The machineaddresses field in the machines collection is populated via the machiner worker. It can be configured to clear addresses on start-up, which will cause machineaddresses to be nil. Otherwise addresses are updated from the results of a call to the standard library’s net.InterfaceAddrs method. These are only ever set upon worker start-up.

The addresses field is kept up-to-date via the instancepoller worker. It uses the provider implementation of instance.Addresses in order to source them. On MAAS these addresses are also decorated with a space name and provider space ID where known.

Whenever machine addresses are updated, the PreferredPublicAddress and/or PreferredPrivateAddress fields may be updated.

Link-Layer Device Addresses

The machiner worker also populates link-layer devices and addresses. Each time it runs, it interrogates all network devices on the machine, gathering detailed information (see params.NetworkConfig). It then calls SetObservedNetworkConfig on the provisioner API, where the provider network config is obtained and merged with the machine configuration before linklayerdevices and ip.addresses are populated.

CAAS Addresses

Addresses in the cloudservices collection are updated by the caasunitprovisioner’s application worker, by asking k8s about the service (application) directly.

Addresses in the cloudcontainers collection are updated by the same worker when there is a cluster change event. The addresses are sourced from each unit’s pod.

Controller Endpoints

API endoints are set at bootstrap from the initial machine’s provider-sourced instance addresses.

The peergrouper worker maintains these entries.

Using Addresses

Machine Addresses

TBC

Link-Layer Device Addresses

These addresses are used by the network/containerizer package to reason about container spaces, host devices and bridges when configuring networking for containers.

Controller Endpoints

These are watched by machine agents that maintain a local configuration file with endpoints that can be used to communicate with controllers.

CAAS Addresses

TBC

Current Deficiencies

Identification of Spaces and Subnets

Spaces are identified by name and subnets by CIDR. This means:

  • Issues associated with renaming a space.
  • The inability to work with subnets in different networks that have the same CIDR.

Identification of spaces and subnets by unique IDs is the first task to be undertaken as part of the remodelling work.

Address filtering by space will then be changed to work via space IDs rather than names.

Incomplete Device Address Information

When the provisioner API server receives network configuration gathered by the machiner, it gathers provider configuration.
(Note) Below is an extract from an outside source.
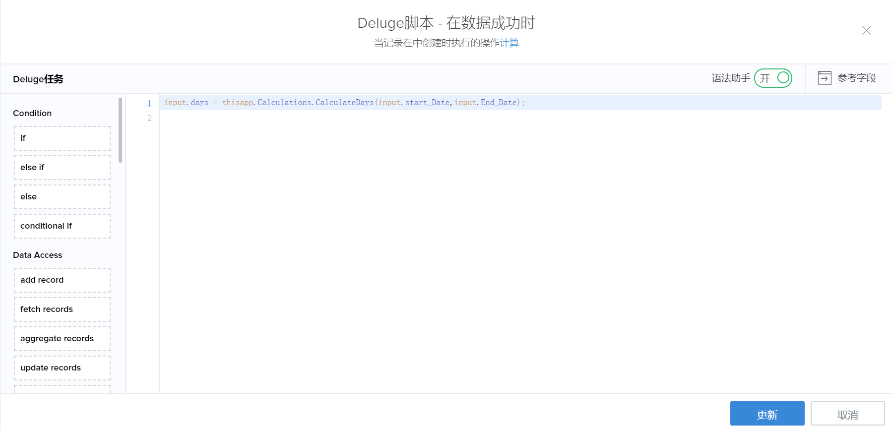3.当在表单中提交记录时,调用添加时 -> 成功时脚本,它将执行 CalculateDays 函数并使用函数返回的值更新 Number_of_days 字段。

This is collected by the provider as network.InterfaceInfo, converted to params.NetworkConfig, merged with the machine-sourced data, then converted into state types for persistence.

At each of the three conversions some of the fidelity is lost.

In order to reconcile incoming link-layer device addresses with the correct subnets, we need to maintain and transport the provider IDs for subnet (and probably network) so that these can be used to relate addresses to the new subnet IDs.

Space Support

Network spaces are supported by the MAAS and AWS providers.

Only MAAS currently supports controller configuration for juju-ha-space (used for Mongo replica-set communication in HA) and juju-mgmt-space (the management plane on which agents connect to controllers). This is because it is the only provider that decorates addresses in the machines collection with a space name.

After remodelling spaces and addresses, the intent is to:

  • Make space support available to other providers.
  • Detect and decorate provider-sourced machine addresses with known space IDs, so that the controller configuration options for spaces become generally available.

Adding Subnets

The API server logic for adding subnets pre-dates the auto-loading of spaces and subnets from the provider.

When adding a subnet, network info is queried to create a cache of spaces and subnets. Subnet data is gathered from the provider. Space data is gathered from state. The incoming request is compared to the cached data to ensure that the entities referred to exist according to the provider.

We should:

  • Remove the cache logic. It over complicates add-subnet assuming more than one subnet is added at a time by a user.
  • Replace the add-subnet command with new commands that allow linking and unlinking of subnets to spaces. Part of the add-subnet functionality is currently replaced by reload-spaces.
  • Possibly in future work, investigate how we might allow manual addition of subnets for say, the manual provider, or make auto-loading work there.

Development Progress

Spaces are Identified by ID

Spaces are now stored with a monotonically increasing ID in similar fashion to machines. Migration and upgrade steps are in-place to handle this change.

Subnets are Identified by ID

As with spaces, subnets have a numeric ID. Migration and upgrade steps are in place, and the names package no longer validates subnet tags as a CIDR.

Machine/Container Addresses Use Space IDs

Behind the API boundary, address spaces are identified by ID instead of name. This includes updates to logic for filtering addresses for the HA and management spaces.

Endpoint Bindings Use Space IDs

As for addresses above, endpoint bindings now use space IDs internally instead of space names.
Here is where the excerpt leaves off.